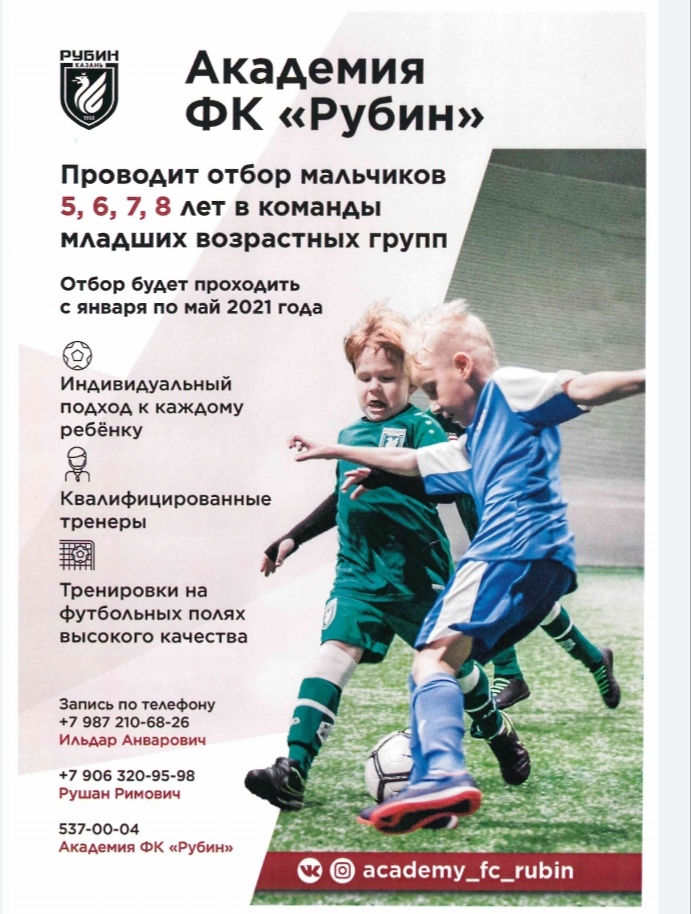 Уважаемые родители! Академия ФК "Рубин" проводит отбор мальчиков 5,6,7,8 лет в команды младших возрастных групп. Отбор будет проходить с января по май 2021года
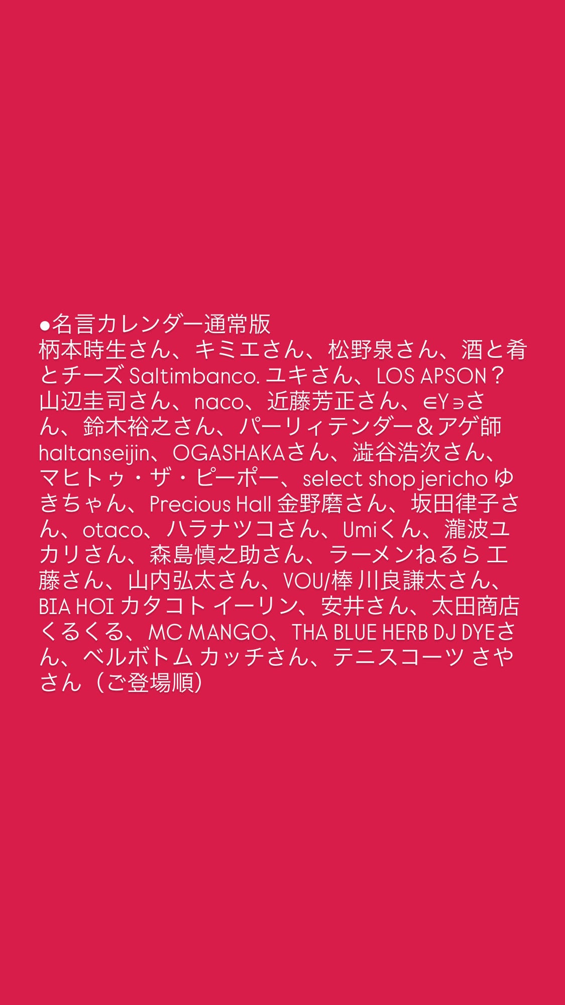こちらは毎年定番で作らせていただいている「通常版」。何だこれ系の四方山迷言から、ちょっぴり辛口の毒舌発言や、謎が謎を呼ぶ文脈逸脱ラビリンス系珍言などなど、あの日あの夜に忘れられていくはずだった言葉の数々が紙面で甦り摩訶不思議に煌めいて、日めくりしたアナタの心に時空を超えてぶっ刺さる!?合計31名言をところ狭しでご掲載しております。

---

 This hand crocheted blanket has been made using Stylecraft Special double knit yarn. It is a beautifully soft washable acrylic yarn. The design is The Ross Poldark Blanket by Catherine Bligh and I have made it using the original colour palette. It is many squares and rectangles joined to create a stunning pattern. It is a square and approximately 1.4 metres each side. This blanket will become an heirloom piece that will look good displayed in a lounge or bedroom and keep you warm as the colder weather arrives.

---

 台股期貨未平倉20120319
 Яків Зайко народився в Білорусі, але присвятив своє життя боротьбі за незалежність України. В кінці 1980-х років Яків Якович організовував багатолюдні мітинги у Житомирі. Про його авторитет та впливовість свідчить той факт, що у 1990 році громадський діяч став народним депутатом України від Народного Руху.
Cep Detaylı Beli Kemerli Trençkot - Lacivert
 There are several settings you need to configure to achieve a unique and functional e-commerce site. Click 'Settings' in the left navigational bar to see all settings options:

PROBLEM TO SOLVE
Whatever else the listing above holds, retype exactly only the lines from the one containing "台股期貨未平倉20120319" to the one containing "There are several", both ends kept.

SOLUTION FOR THIS PROBLEM
 台股期貨未平倉20120319
 Яків Зайко народився в Білорусі, але присвятив своє життя боротьбі за незалежність України. В кінці 1980-х років Яків Якович організовував багатолюдні мітинги у Житомирі. Про його авторитет та впливовість свідчить той факт, що у 1990 році громадський діяч став народним депутатом України від Народного Руху.
Cep Detaylı Beli Kemerli Trençkot - Lacivert
 There are several settings you need to configure to achieve a unique and functional e-commerce site. Click 'Settings' in the left navigational bar to see all settings options:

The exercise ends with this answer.